What you should do » For every line in the records that has the word "with", make a copy.

--------------------------------------------------

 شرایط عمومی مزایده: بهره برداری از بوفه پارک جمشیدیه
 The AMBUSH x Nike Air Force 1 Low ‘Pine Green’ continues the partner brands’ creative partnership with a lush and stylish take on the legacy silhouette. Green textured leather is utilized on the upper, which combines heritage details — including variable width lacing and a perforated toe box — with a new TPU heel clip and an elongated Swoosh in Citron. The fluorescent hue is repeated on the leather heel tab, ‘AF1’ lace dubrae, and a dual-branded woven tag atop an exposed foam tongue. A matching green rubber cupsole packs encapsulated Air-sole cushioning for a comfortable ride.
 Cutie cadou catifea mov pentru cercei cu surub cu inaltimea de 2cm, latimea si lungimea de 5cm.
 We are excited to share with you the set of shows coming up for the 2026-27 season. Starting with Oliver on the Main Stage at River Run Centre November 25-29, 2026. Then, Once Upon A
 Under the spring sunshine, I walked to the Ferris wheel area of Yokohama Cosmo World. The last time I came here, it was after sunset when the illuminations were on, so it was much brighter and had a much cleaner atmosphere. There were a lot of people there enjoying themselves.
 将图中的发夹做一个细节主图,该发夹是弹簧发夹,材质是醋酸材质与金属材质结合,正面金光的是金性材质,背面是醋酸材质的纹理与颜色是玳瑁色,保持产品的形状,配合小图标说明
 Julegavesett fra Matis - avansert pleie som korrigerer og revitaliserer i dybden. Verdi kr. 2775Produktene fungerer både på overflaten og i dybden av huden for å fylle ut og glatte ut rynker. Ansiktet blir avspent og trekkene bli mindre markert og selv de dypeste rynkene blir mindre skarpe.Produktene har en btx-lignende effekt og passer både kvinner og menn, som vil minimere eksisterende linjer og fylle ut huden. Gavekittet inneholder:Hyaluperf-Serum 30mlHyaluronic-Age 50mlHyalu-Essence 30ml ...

--------------------------------------------------

Solution for this task »
 The AMBUSH x Nike Air Force 1 Low ‘Pine Green’ continues the partner brands’ creative partnership with a lush and stylish take on the legacy silhouette. Green textured leather is utilized on the upper, which combines heritage details — including variable width lacing and a perforated toe box — with a new TPU heel clip and an elongated Swoosh in Citron. The fluorescent hue is repeated on the leather heel tab, ‘AF1’ lace dubrae, and a dual-branded woven tag atop an exposed foam tongue. A matching green rubber cupsole packs encapsulated Air-sole cushioning for a comfortable ride.
 We are excited to share with you the set of shows coming up for the 2026-27 season. Starting with Oliver on the Main Stage at River Run Centre November 25-29, 2026. Then, Once Upon A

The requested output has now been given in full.